Unfortunately for the shipping industry, this is almost entirely due to iron ore supply constraints in Brazil, and to a smaller extent in Australia, and the skyrocketing price of this commodity. Spot iron ore prices have jumped to the highest levels in more than five years, with benchmark 62 per cent fines for delivery to China at 117 US Dollars a ton at the end of June, according to sources.

Iron ore inventories at China’s 45 major ports have fallen to 116.75 million tons at the end of June, down 21 percent from a recent peak in March, and the lowest level since the start of 2017. Steel mills are also starting to prefer lower grade iron ore.

If iron ore rallies, likely Chinese mills switch to lower grade ore

If iron ore continues to rally, or even remain at elevated prices, it’s likely more Chinese mills will be tempted to switch to lower grade ore, which will benefit Australian exporters, but also provide some lifeline to the moribund domestic Chinese mining sector.

Domestic iron ore mines are producing more iron ore, while mills have also sharply increased the use of scrap in the converter burden to cut back on iron ore usage, according to the China Iron and Steel Association.

Meanwhile, in a separate dry bulk trade, i.e. Indian coal imports, Banchero Costa said that “during the first quarter of 2019 the most dynamic and fastest growing major commodity was coal which grew an estimated 7 per cent compared to the first quarter of 2018.

India recorded two digits growth in coal import in FQ of 2019 

Whilst Coal imports into China and Japan the first and third largest importers were slightly lower during the first quarter of 2019 compared to same period of 2018, there was a very large number of countries where imports recorded two digits growth (in a few cases three digits growth); to name the largest India, Taiwan, Malaysia, Thailand, Vietnam, Pakistan, Bangladesh”.

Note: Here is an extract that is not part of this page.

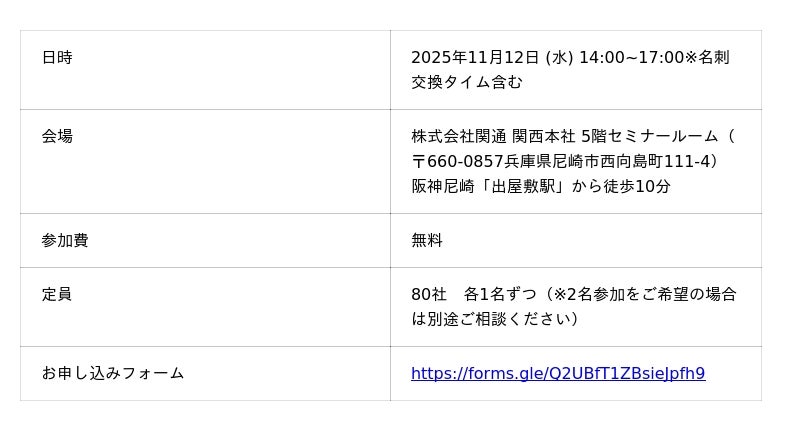 物流とITオートメーション事業を展開する、株式会社関通(本社:兵庫県尼崎市、代表取締役社長:達城 久裕、以下「関通」)は、世界73か国、5000現場超への物流・製造現場向けシステム導入の実績を持つ、株式会社アイオイ・システム(本社:東京都品川区、代表取締役社長:吉野豊、以下「アイオイ」)と共催で、「物流 × IT の共創による企業交流会」を2025年11月12日(水)に開催いたします。

According to the shipbroker, “it is clear that with the economic development, the Indian Subcontinent and South East Asia are quickly becoming the new sources of demand for the coal trade. The single largest driver was India with imports that increased 14 per cent (1Q18 vs. 1Q19) to over 56 million tons.

India is set to rival China again as the largest importer of coal in 2019, a record briefly detained in 2015 and 2016. Where is India sourcing all this additional coal? SE Asia (i.e. Indonesia) exports to India only increased 2 per cent, whilst imports from North America, both from the Atlantic and Pacific basins increased 41 per cent and 35 per cent respectively; a lot more coal was also imported from Australia +12 per cent:

India importing more coal and also from further away

Not only India is importing a lot more coal, it is also importing it from further away. If we compare coal imports in the first quarter of 2017 and the first quarter of 2019, we can see that despite the trends just described above the share of imports by each vessel size did not change much with smaller size vessels like Supra Max sourcing 22 per cent (was 21 per cent in 2017) of coal, Pana Max 40 per cent (was 37 per cent) and Cape Size 29 per cent (was 28 per cent).

Indian imports offer demand growth for Supra Max, Pana Max and Cape Size

One would believe that importing a lot more and from further away the vessels’ choice would move to bigger units, but, mainly due to draft restrictions in Indian Ports, this is not the case for Indian imports that offer good demand growth both for Supra Max and Pana Max and also for Cape Size”, Banchero Costa concluded.